Abstract
Childhood lead (Pb) poisoning remains a global issue, especially in industrial areas. In this study, 115 children with average age 5.7 years were recruited as either patient diagnosed with Pb poisoning or controls at Xinhua Hospital in China. The subjects’ bone Pb was measured with a K-shell X-ray fluorescence (KXRF) and a portable X-ray fluorescence (XRF) system. A significant correlation between KXRF bone Pb and blood Pb and portable XRF and KXRF measurements were observed. The half-life of blood-lead was calculated to be 9.96 ± 3.92 d. Our results indicate that bone is a useful biomarker for Pb in children.
Keywords: In vivo, portable, X-ray fluorescence
Introduction
Despite strict standards for lead (Pb) use in many countries, childhood Pb poisoning remains a worldwide issue. This problem is more prevalent in heavily industrialized areas. China, in particular, presents unique exposure issues: pollution, alternative medicines with large amounts of Pb used to treat various diseases and ever-increasing consumer and industrial usage of Pb-containing products.
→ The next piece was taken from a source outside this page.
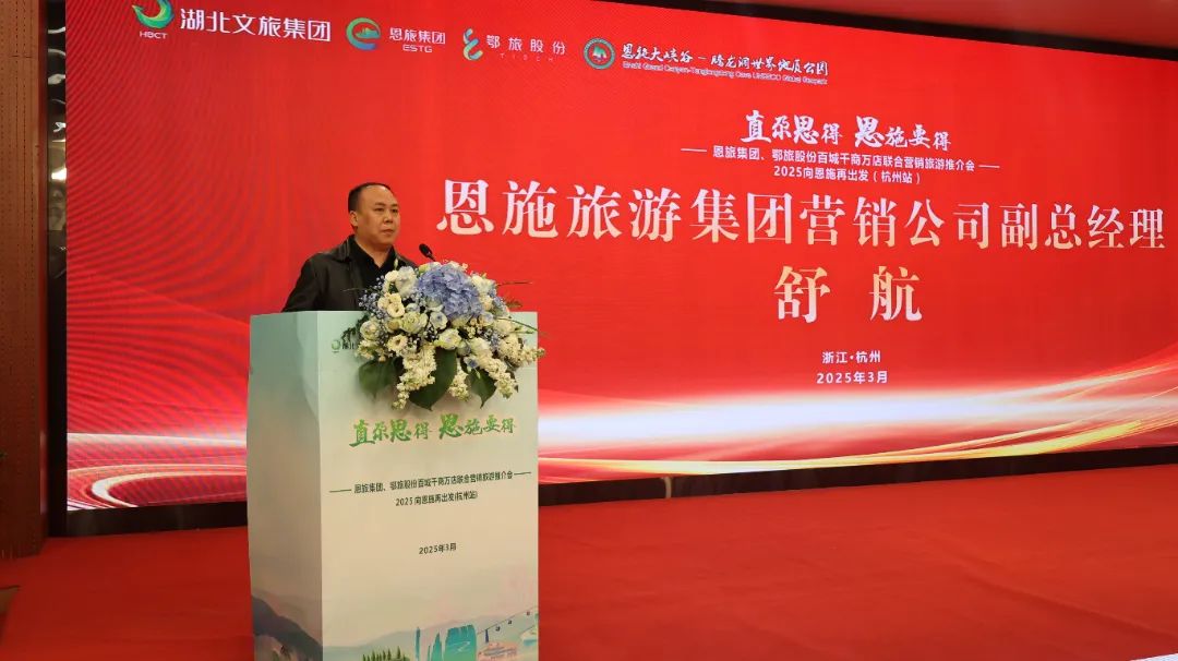 恩旅集团营销公司副总经理舒航在推介会上表示,在杭州举办此次推介会,旨在借助杭州这一平台,向广大的杭州市民及旅游界同仁展示恩施丰富多彩的旅游资源和优质的旅游产品,深化与杭州旅游界的交流与合作,促进资源共享、客源互送,共同开创旅游市场的新篇章。

The risk of Pb exposure to children has been well documented (Fadrowski et al., 2010; Wang et al., 2012). Recent studies show that Pb exposure results in significant decline in intellectual ability even at low-levels, and that the Pb associated intellectual decrement was steeper at low blood Pb levels than at higher blood Pb levels (Canfield et al., 2003; Jusko et al., 2008; Lanphear et al., 2005). These studies use blood Pb as a biomarker, which assesses recent exposure and has a half-life of about 1 month (Leggett, 1993). Bone Pb, which has a half-life of years to decades, serves as a cumulative biomarker (Rabinowitz, 1991). Cd-109 based K-shell X-ray fluorescence (KXRF) has been used to study bone Pb for over two decades, but not many studies have been performed on children using a bone Pb biomarker, and the studies that do exist have a relatively high uncertainty and were not able to detect bone Pb in most of the subjects due to the high uncertainty of the conventional bone Pb measurement system (Behinaein et al., 2014; Nie et al., 2011b). There is a significant gap in understanding children’s bone Pb measurements and their relationship to blood Pb, as well as the usefulness of bone Pb as a biomarker for Pb exposure and toxicity among children, which are addressed in this paper. The purposes of this study are: (1) to measure bone Pb concentration in a pediatric population; (2) to assess the usefulness of bone Pb as a biomarker for children; (3) to validate the use of portable XRF for bone Pb measurement among children and (4) to explore bone and blood Pb biokinetics in children.
Materials and methods
Study population
The study participants were Pb-exposed children and controls recruited through Xinhua Hospital, Shanghai Jiaotong University, China. The Pb-exposed group was recruited from children who were diagnosed as Pb poisoned with blood Pb levels >25 µg/dl. Some of these children had already undergone multiple treatments prior to our first measurements. The controls were recruited from children who visited the clinic for non-Pb-related diseases. The parents of the subjects completed a questionnaire, and the subjects had their blood samples taken, and their bone measured for Pb concentration using an advanced cloverleaf Cd-109 KXRF as well as a portable X-ray fluorescence (XRF) system. Blood Pb was also measured for these children. Some of the Pb-exposed children were treated using ethylenediaminetetraacetic acid (EDTA) chelation.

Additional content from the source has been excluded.